The most enjoyable and productive part of this workshop was the discussion itself. No one is really sure that this is design thinking but we do think we engaged critically and creatively with an issue to start developing an outcome intended to improved the experience in some way. We didn’t necessarily engage the questions that Fry posed in a systematic way either. Someone told me once that Chermside was a great example of social planning and urban design – I don’t see it. We do, however, hope we asserted a view that suburbs deserve better than domination by massive retail centres with community facilities struggling in peripheral and discarded sites. Such centres reproduce the problems of car domination and steal space from community by only providing conditional access to their private commercial realms in areas where the public realm is eroded. Suburban communities deserve better than the provision of services that seem to serve the commerical interests over and above the community in which they are located.
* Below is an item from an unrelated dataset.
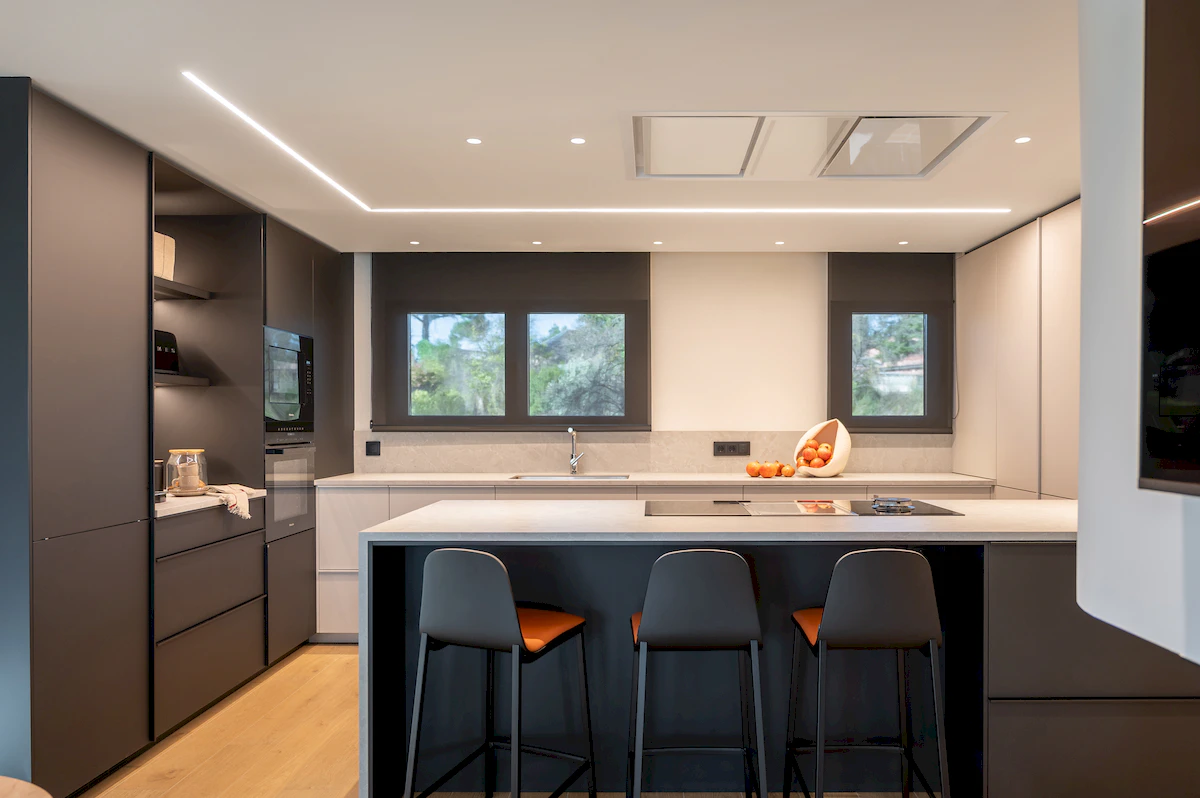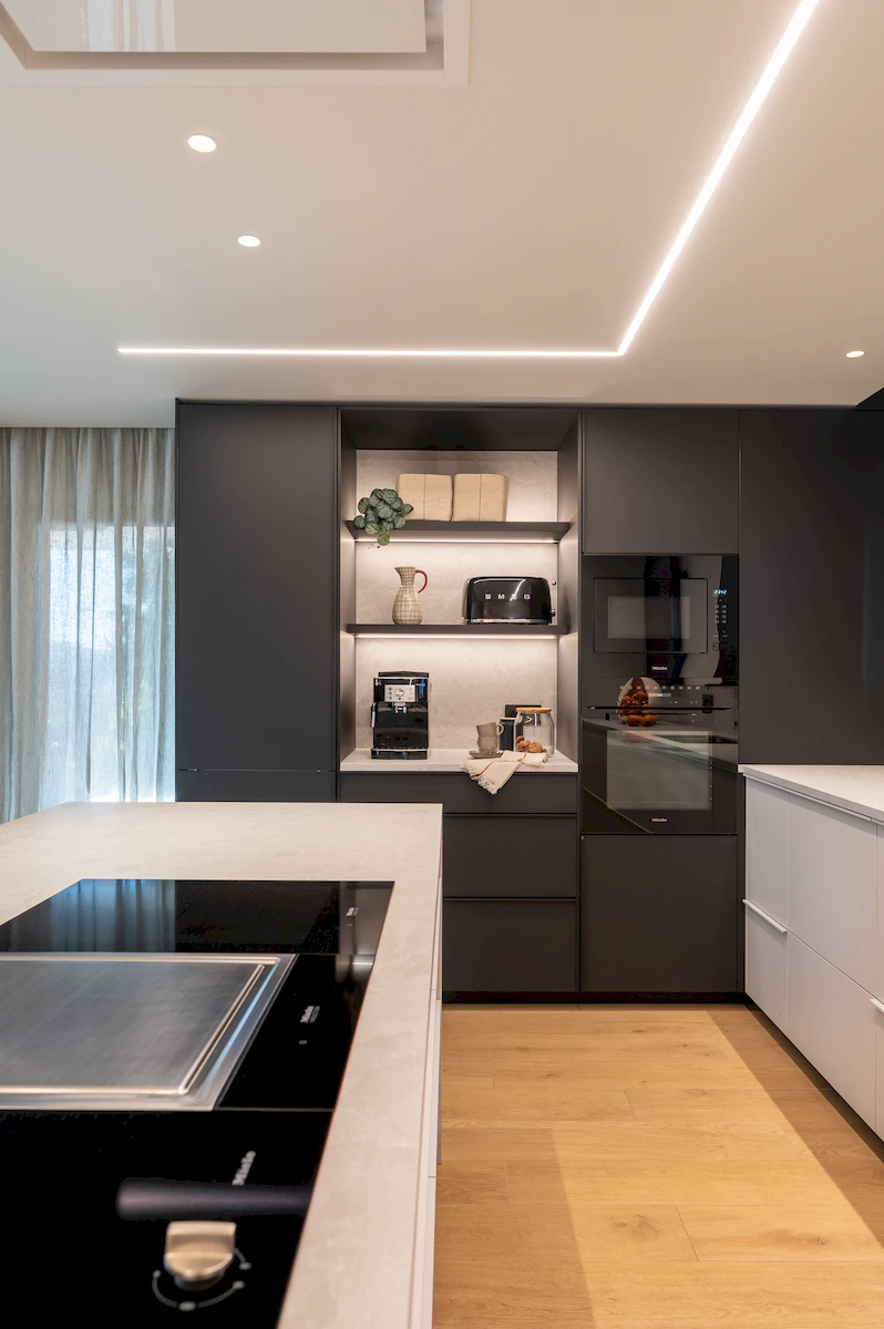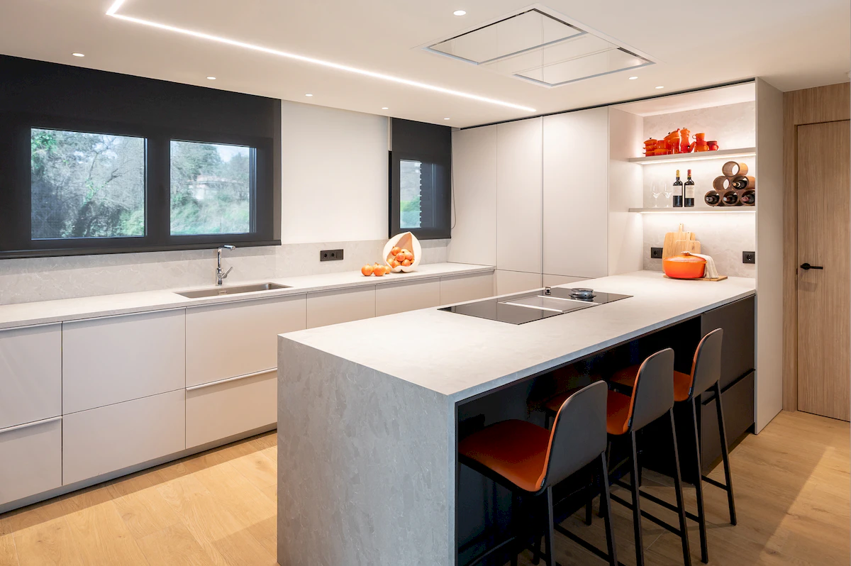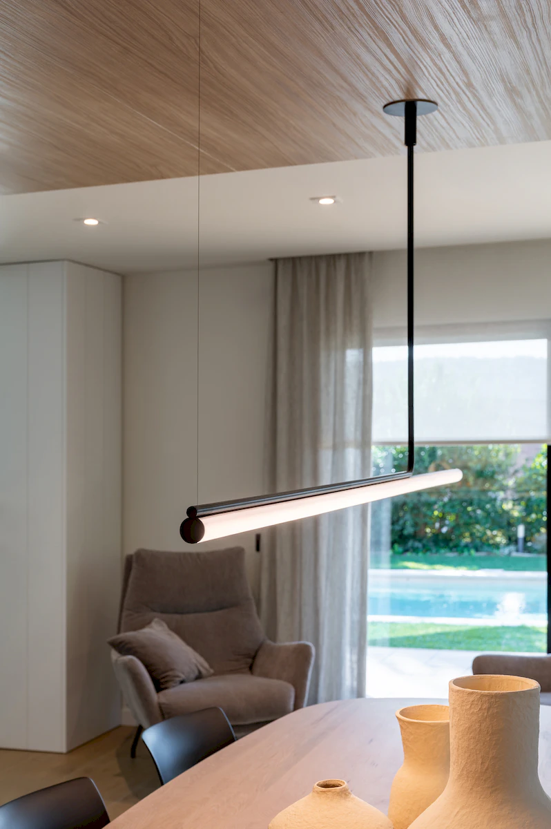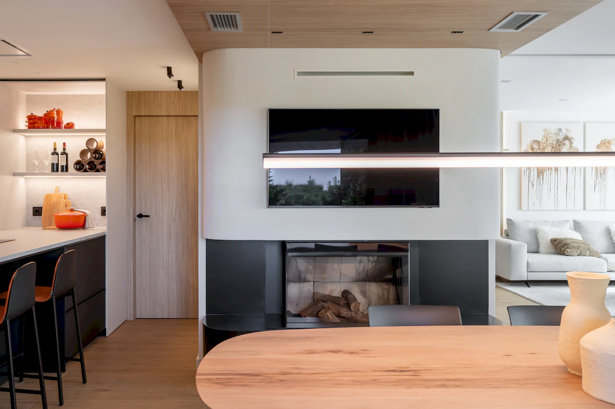 Reforma integral de la zona de dia d’un habitatge unifamiliar, on cuina i menjador conviuen en un espai obert i lluminós, connectat amb la sala a través d’una corredera de vidre que manté la continuïtat visual. La llar de foc articula el projecte, mentre que la fusta, els volums suaus i els tons neutres construeixen una atmosfera càlid, serena i atemporal.

Since completing the workshop, I have read a handful of articles addressing issues of transport, suburban communities and poverty:

While these articles refer to the American context, they bear a warning for us in this country, especially as suburban and exurban communities continue to expand and bear the brunt of transport and planning lags and gaps. Worse still, the city-centrism that continues to prevail in urban and service planning – it’s an ‘attitude’ that reproduces and upholds the idea that people in outlying areas can access services if those services are situated on centrally located transport hubs. This puts a mobility imperative and burden on those who live further out from the city.